As the queen of the Gibichungs, Brünnhilde then issues orders for a huge funeral pyre for the dead hero to be assembled by the river ("Starke Scheite schichtet mir dort"), and takes the ring from Siegfried's hand. With her eyes turned upwards to the sky, she then, in an apostrophe, addresses Wotan, the ruler of oaths and laws, and proclaims that the death of the free hero Siegfried has atoned for the god's guilt. Renouncing and overcoming the power of the ring through the might of grieving love, she bequeaths it to the Rhinemaidens—who are to claim it from her own ashes after fire has cleansed it of its curse—and declares that Wotan can finally truly rest in peace ("Mein Erbe nun nehm' ich zu eigen"). Brünnhilde then lights the funeral pyre with a firebrand, and with "anxiously longed-for tidings", sends Wotan's ravens home to command Loge, the god of fire that still burns on her rock, to fly to Valhalla and set it on fire ("Fliegt heim, ihr Raben!"). After a final eulogy to the dead hero, Brünnhilde, willing to be reunited with her love, mounts her horse Grane and, as a valkyrie, rides into the flames, joining Siegfried in death.

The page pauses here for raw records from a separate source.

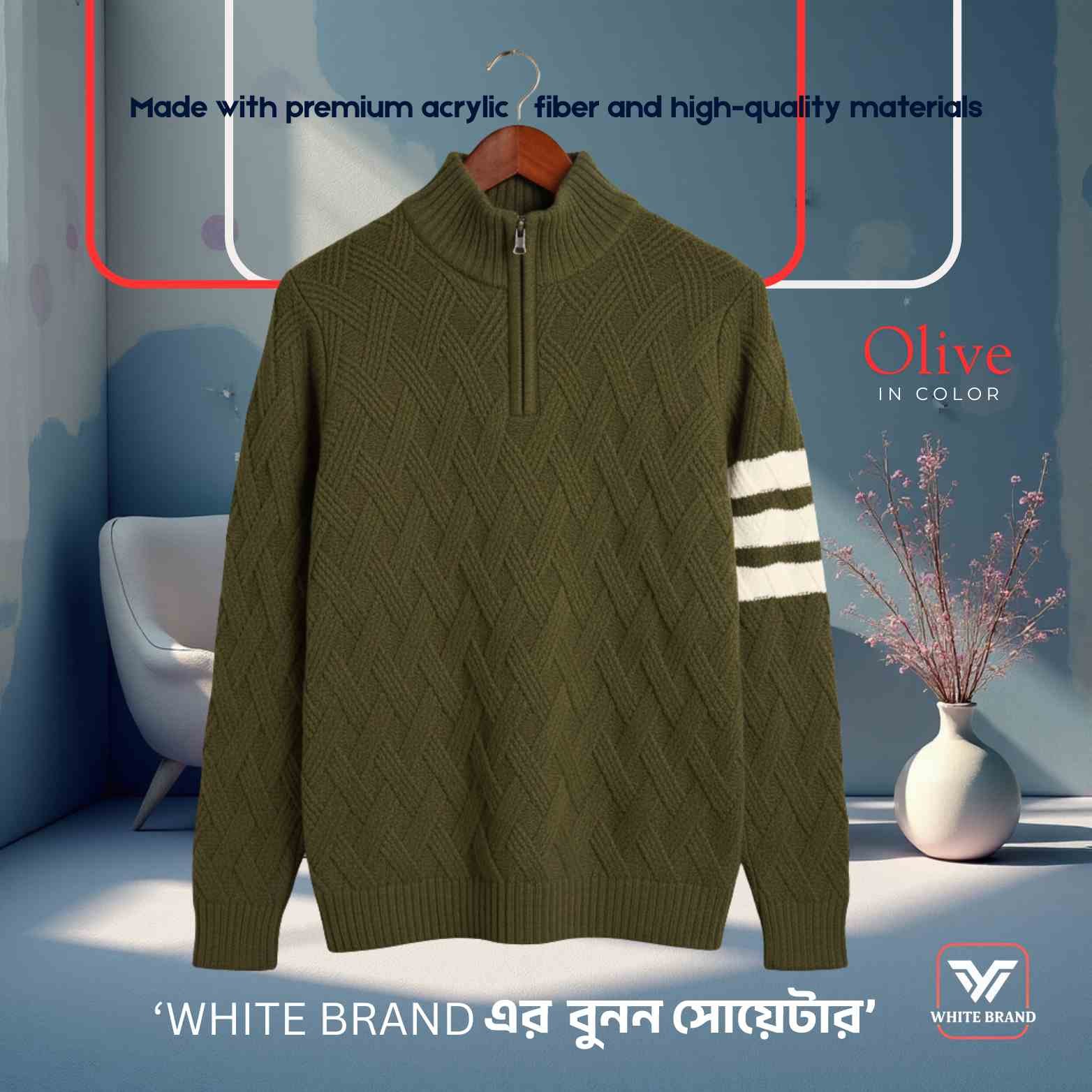 WHITE BRAND উপস্থাপন করছে প্রিমিয়াম অ্যাক্রিলিক ফাইবারে তৈরি হাই-কমফোর্ট বুনন সোয়েটার—যা স্টাইল, উষ্ণতা এবং আরামের নিখুঁত সমন্বয়। প্রতিটি সোয়েটার তৈরি করা হয়েছে উন্নতমানের ম্যাটেরিয়াল ও ফাইন স্টিচিং টেকনিক দিয়ে, যাতে শীতকালে আপনি পান লাক্সারিয়াস ফিল ও লং-লাস্টিং ডিউরেবিলিটি।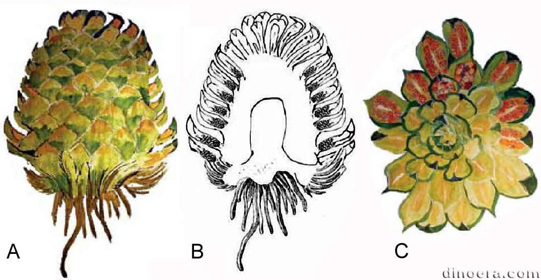Tomiostrobus migayi. Спорофилл Tomiostrobus migayi. Фрагмент стробила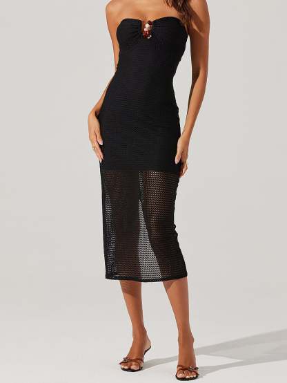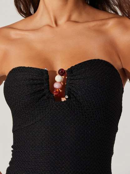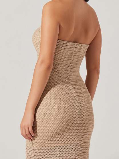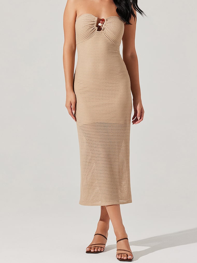 The epitome of summer glamour. A notched bust with a beaded detail adds an elevated feel to this bodycon Dress that features a textured open-knit overlay. Pair it with Heels or Sandals (and sun-kissed skin) for the perfect post-beach dinner outfit.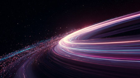 Abstract swirling tunnel of vibrant magenta and blue light streaks with tiny sparkling dots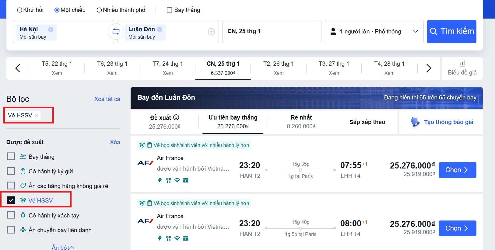 - Sử dụng bộ lọc "Vé Sinh Viên" khi tìm kiếm. Chọn chuyến bay có ghi "Vé HSSV"

A sequence of leitmotifs portray the fire flaring up, and the hall of the Gibichungs catching fire and collapsing. The Rhine overflows its banks, quenching the flames, and the Rhinemaidens swim in to claim the ring. Hagen in a frenzy tries at the last moment to stop them and seize the ring for himself, but they drag him into the depths and drown him ("Zurück vom Ring!"), the theme of the curse of the ring then being heard for the final time. As they celebrate the return of the Rhinegold to their river and the breaking of its curse, a red glow spreads through the sky. The surviving Gibichungs now see the interior of Valhalla with gods and heroes visible, as described by Waltraute in Act I, Scene 3. A new fire flares up around the Hall of the Gods, hiding it from sight; the gods are consumed in flames and the curtain falls. At the very end of the work the strains of the Liebeserlösung (redemption-through-love) leitmotif emerge.

==Reactions==
Robert A. Hall Jr. has analysed Götterdämmerung in terms of cultural symbolism. Hermann Danuser has discussed the dramaturgy of the ending of Götterdämmerung in the context of the entire Ring cycle. William Kinderman has evaluated a large-scale instance of musical recapitulation in Act III. Warren J. Darcy has expostulated on the potential influence of Wagner's readings of the philosophy of Arthur Schopenhauer on the music of the Ring cycle, particularly on the ending of Götterdämmerung.

The German bass Kurt Moll noted that the role of the principal villain, Hagen, is unique in the bass repertoire. It demands a shouting, blaring vocal technique that risks damaging the singer's voice; only very large-voiced, powerful singers can perform it. Moll himself chose to avoid the role.

Friedrich Nietzsche's 1888–1889 book, Götzendämmerung—Twilight of the Idols—is a pun on the title of Götterdämmerung, Götze being the German word for "idol" or "false god".